Starting integration of uploaded encodings...
Uploaded encodings after parsing: {5145464544544544550: "('A','B')", 5145464544544544551: 'D'}
Default gene 'Start' hash key: 16242683921139863987, 'End' hash key: 17943818413842076007
Integrated captured segment "('A','B')" with key '5145464544544544550'.
Integrated gene 'D' with key '5145464544544544551'.
Final updated gene counter: 5145464544544544552
Added gene 'D' with hash key 5145464544544544552.
Encoding gene 'A' to hash key 5145464544544544545.
Encoding gene 'B' to hash key 5145464544544544546.
Encoding gene 'D' to hash key 5145464544544544552.
Encoded Sequence with Integrated Gene 'D': [5145464544544544545, 5145464544544544546, 5145464544544544552]
Decoding hash key 5145464544544544545 to 'A'.
Decoding hash key 5145464544544544546 to 'B'.
Decoding hash key 5145464544544544552 to 'D'.
Decoded Sequence with Integrated Gene 'D': ['A', 'B', 'D']

Unit Testing

Comprehensive unit tests ensure the EncodingManager functions correctly across various scenarios.

Test Cases Overview

  1. Adding and Encoding Genes: Verifies that genes can be added and correctly encoded/decoded.
  2. Decoding Unknown Hash Keys: Ensures that unknown hash keys are handled gracefully.
  3. Capturing and Decoding Segments: Tests capturing segments and their accurate decoding.
  4. Nested Captures and Decoding: Validates the handling of nested meta genes.
  5. Duplicate Segment Capture: Checks that duplicate segments reuse existing hash keys.
  6. Opening Segments with Delimiters: Confirms that segments can be opened with or without delimiters.
  7. Integration and Gene Selection: Tests the integration of external encodings and gene selection probabilities.

Running Tests

The provided unit tests utilize Python’s unittest framework.

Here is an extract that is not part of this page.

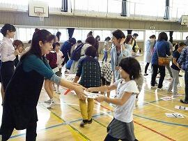 最初の車いす体験は,車いすのリレーです。バスケットボール用の車いすで,方向転換が素早く,子どもたちはくるくる回りすぎて,最初は戸惑っていました。すぐに慣れて,「もっとやりたい」と言っていました。

To execute the tests, ensure that the EncodingManager class is defined and then run the test suite.

import unittest

if __name__ == '__main__':
    unittest.main()

Explanation:

  • Test Setup: Each test case initializes a fresh instance of EncodingManager.
  • Assertions: Validate expected outcomes, such as correct encoding/decoding and proper handling of duplicates.
  • Verbose Output: Helps trace the execution flow during testing.

Conclusion

The M_E_Engine, through its EncodingManager, revolutionizes genetic algorithms by introducing mutable gene encodings. This dynamic approach allows for the evolution of both genes and their structures, significantly enhancing the algorithm’s ability to navigate and optimize complex solution spaces. The detailed implementation, coupled with robust unit testing, ensures that the M_E_Engine is both flexible and reliable, making it a powerful tool for solving intricate problems across diverse domains.

By leveraging functionalities like segment capture, nesting, and seamless integration of external encodings, the M_E_Engine transcends the limitations of traditional genetic algorithms, offering a more adaptable and potent framework for evolutionary computation.